▸ Activity:
An acceptable answer repeats exactly the line containing "Books fro betterment" and all lines that follow it in the listing below, and it includes no pictures.

▸ Task material:
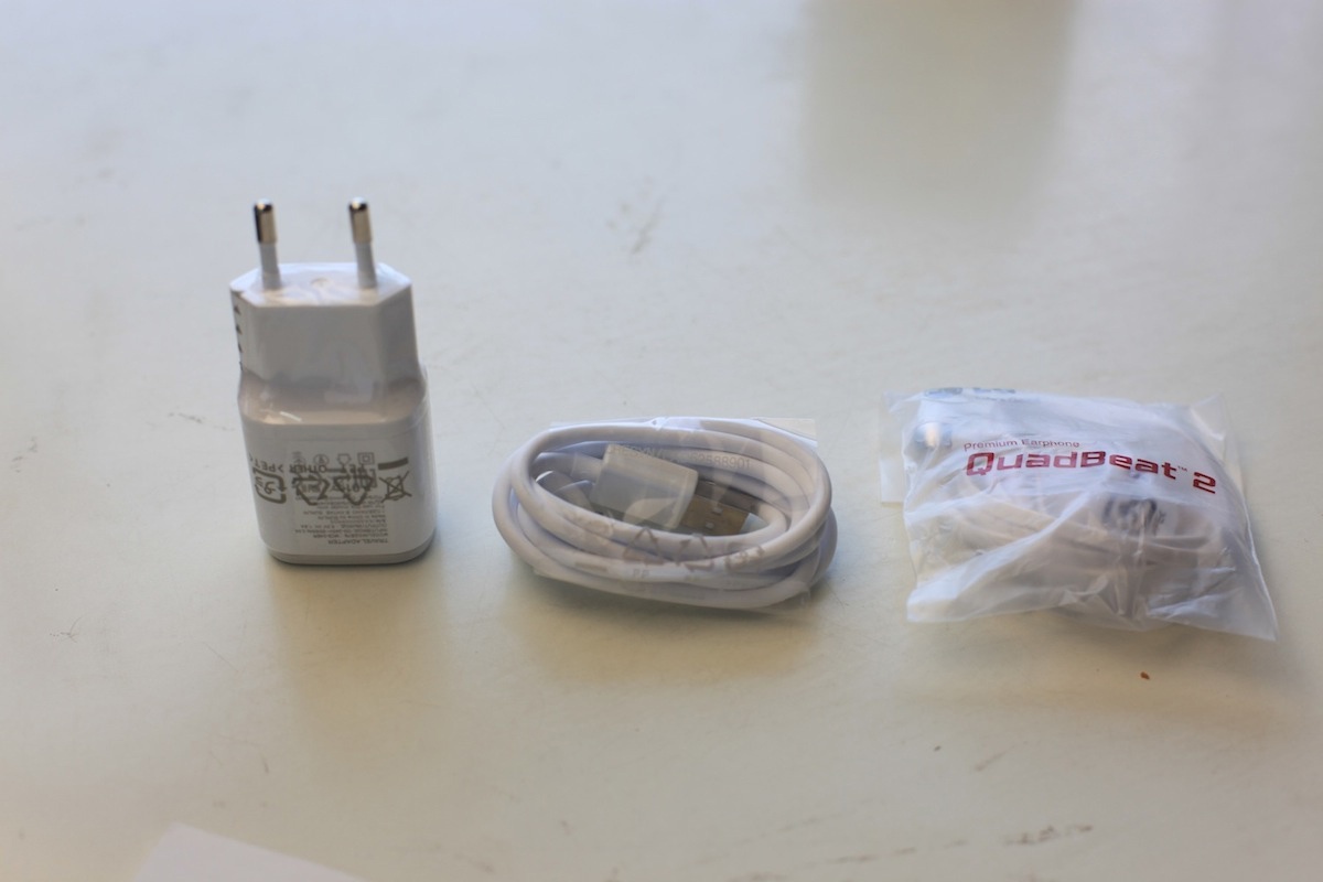 Phụ kiện đi kèm theo máy gồm có sạc, cáp kết nối và tai nghe.
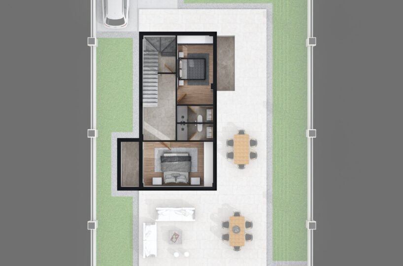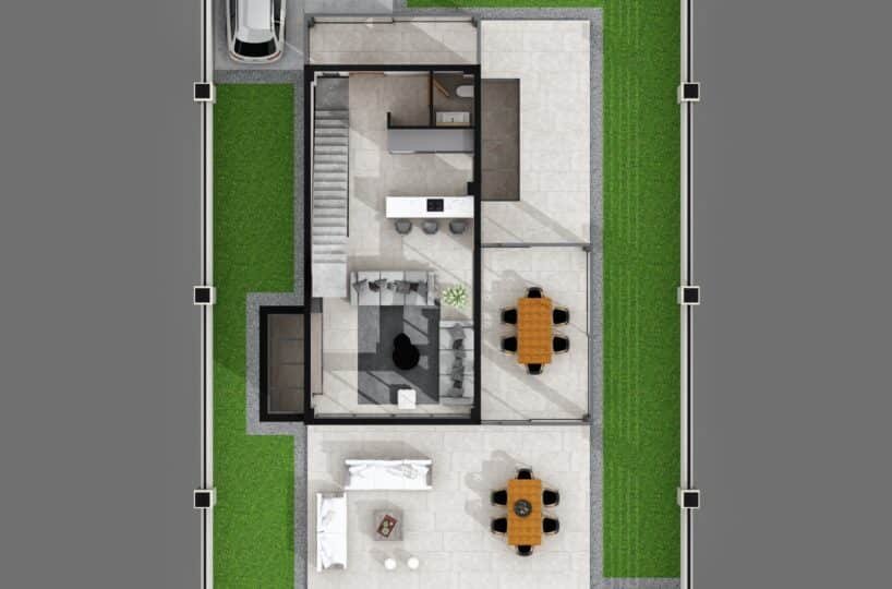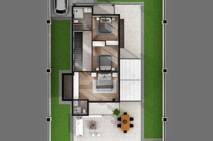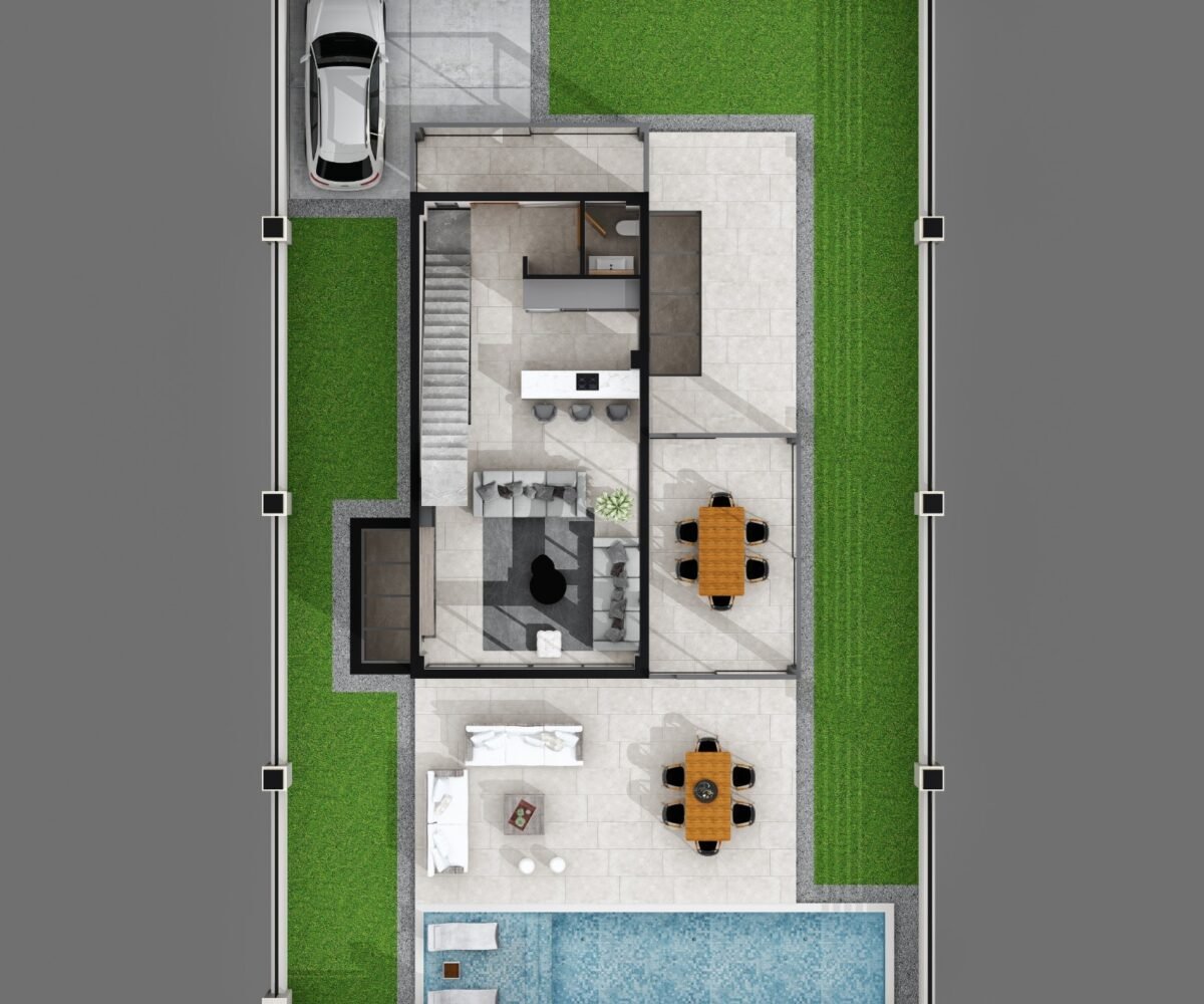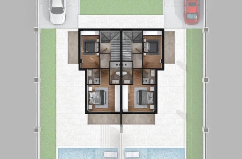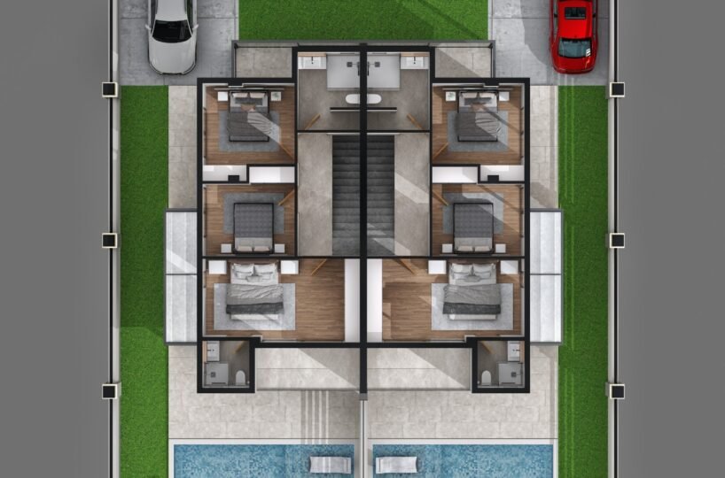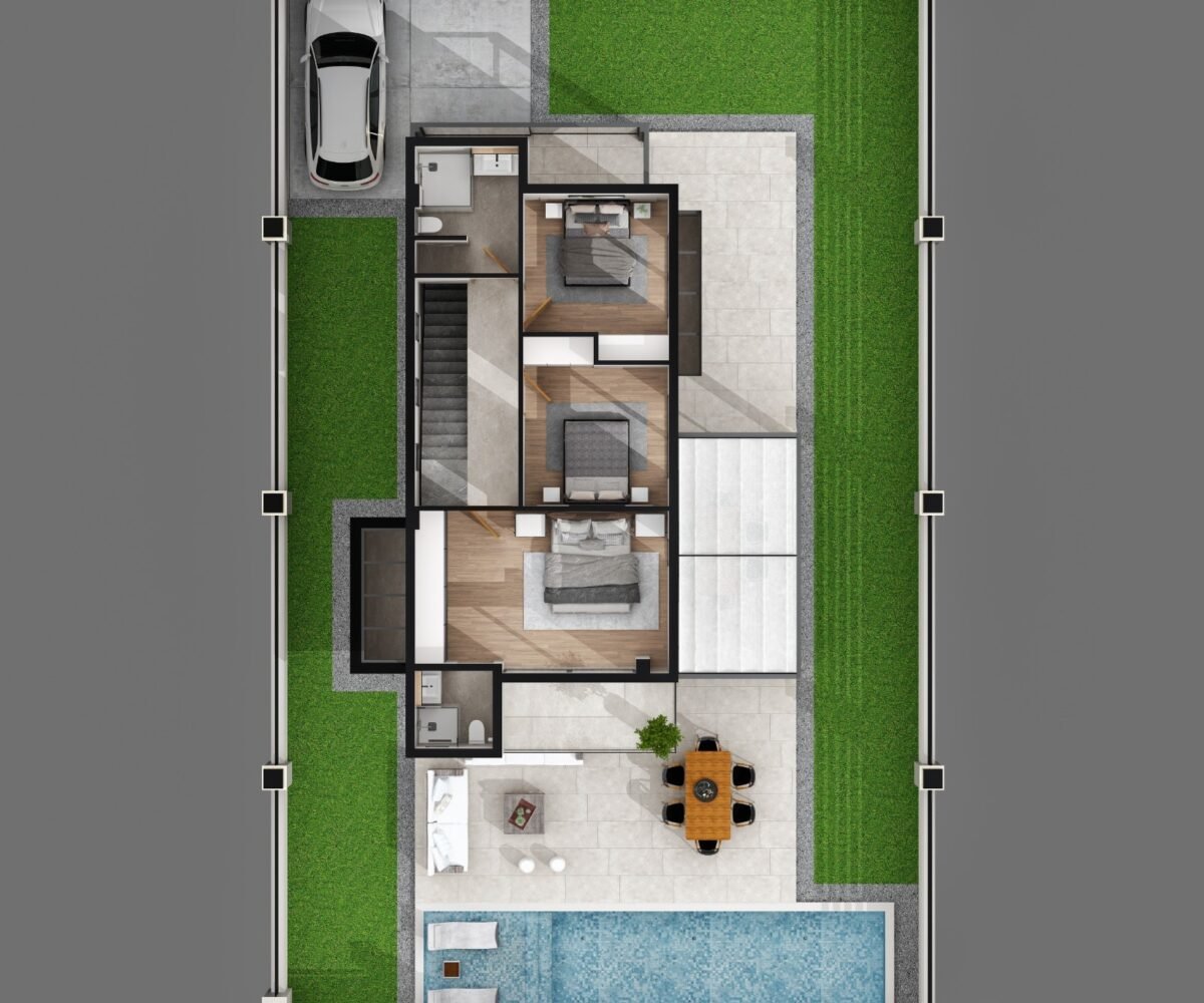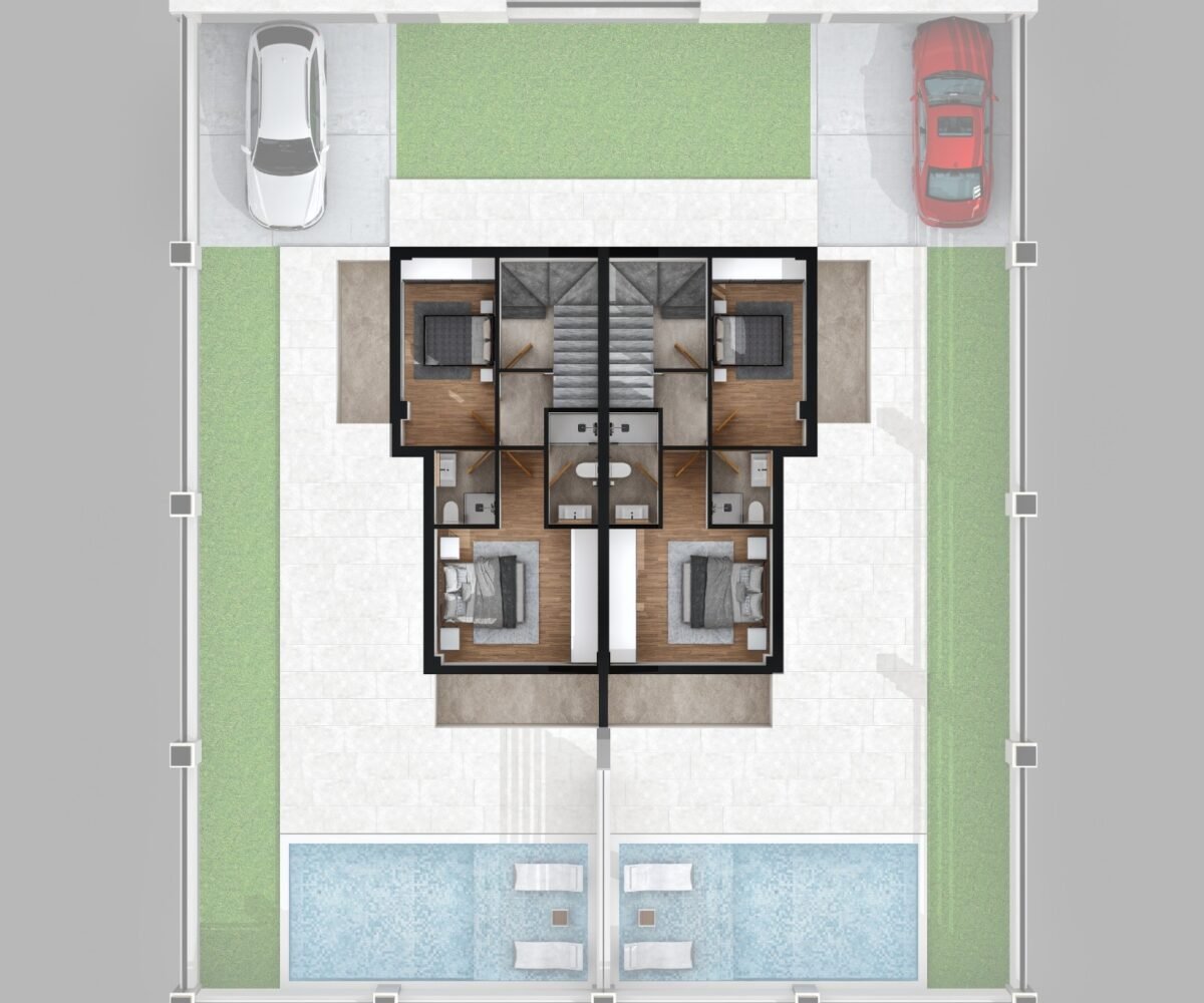 This project has 8 private villas, 10 twin villas, and 8 stores. Each villa has its own garden, parking, and private swimming pool.
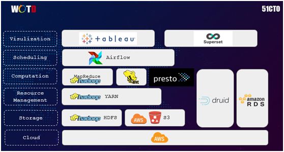 其右边对应的分别是:负责界面显示的 Airpal、简易的数据搜索分析工具Caravel、和 Tableau 公司的可视化数据分析产品。
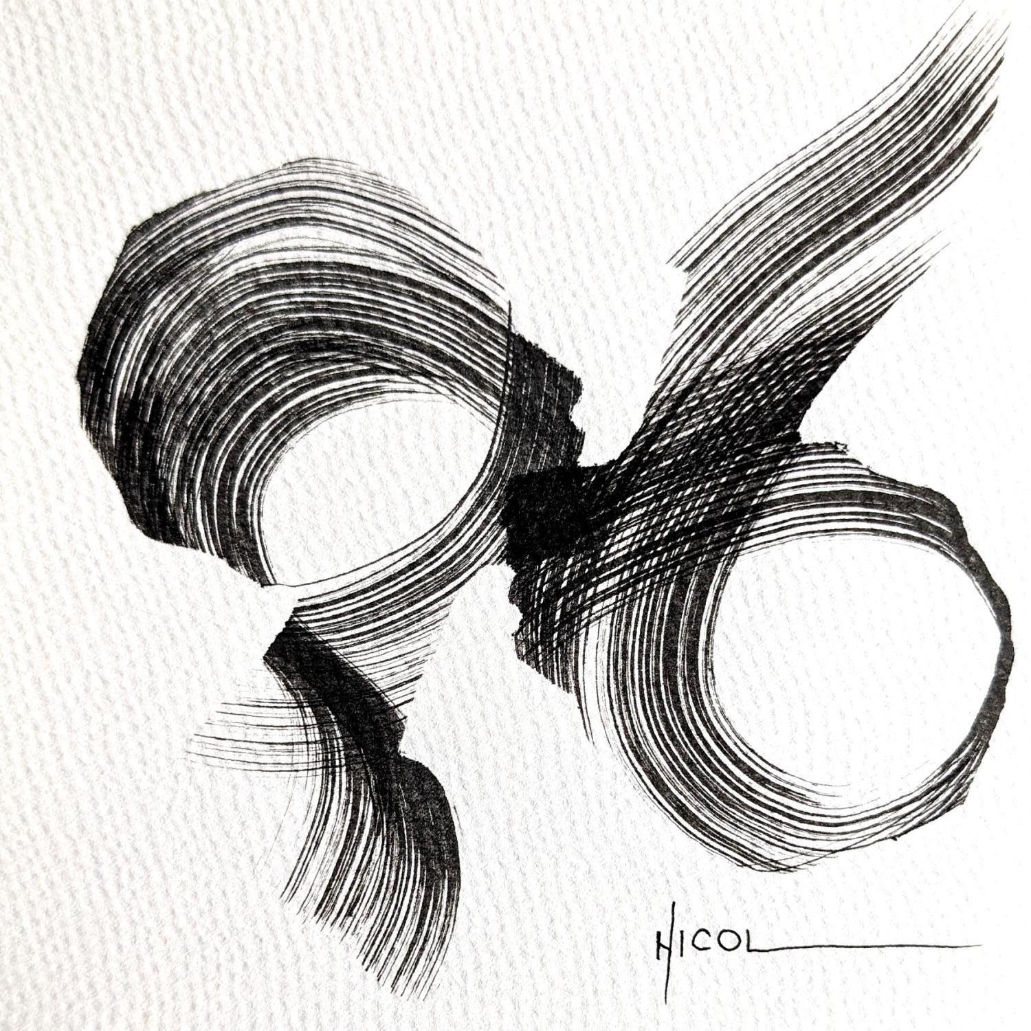 Pintura Time CCCII por Nicol | Pintura Figurative Portrait Minimalist Black & White Ink
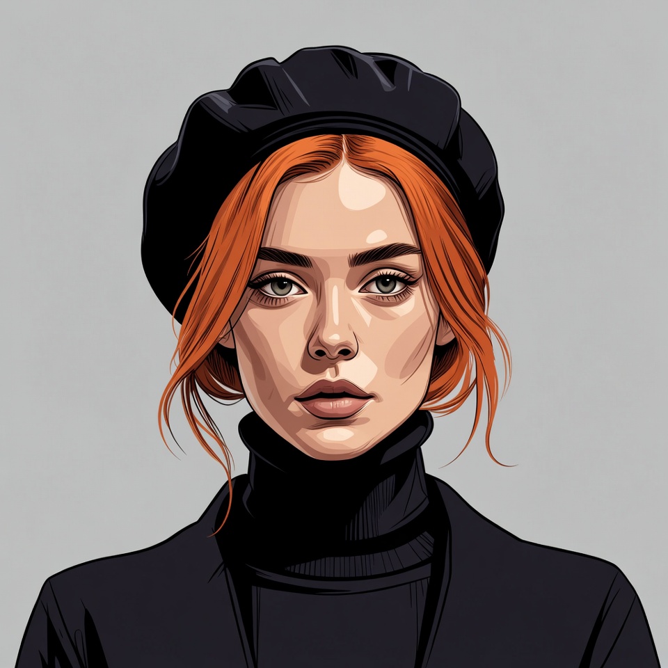 White, beret hat, black beret, black sweater, closeup, digital illustration, fashion, female, ginger hair, green eyes, high collar, illustration, portrait, red hair, redhead, stylish, turtleneck, vector art, wavy hair, woman
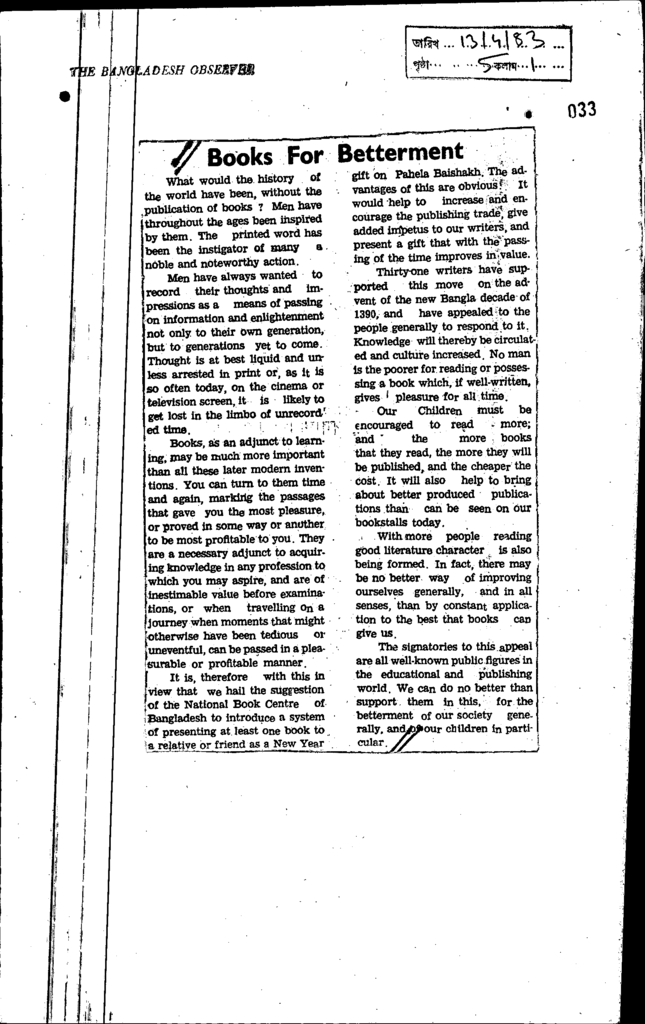 Books fro betterment Published on Newspaper The Bangladesh Observer Category Educational Ministry / Departments Education Board NCTB Education Ministry / Division / Directorate Download
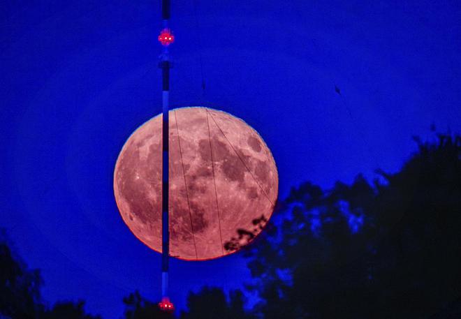 当地时间2025年6月11日,德国梅克伦堡-前波美拉尼亚州什未林,什未林湖上空,“草莓满月”在傍晚时分升起,在电视塔天线后可见。

▸ Response area:
 Books fro betterment Published on Newspaper The Bangladesh Observer Category Educational Ministry / Departments Education Board NCTB Education Ministry / Division / Directorate Download
 当地时间2025年6月11日,德国梅克伦堡-前波美拉尼亚州什未林,什未林湖上空,“草莓满月”在傍晚时分升起,在电视塔天线后可见。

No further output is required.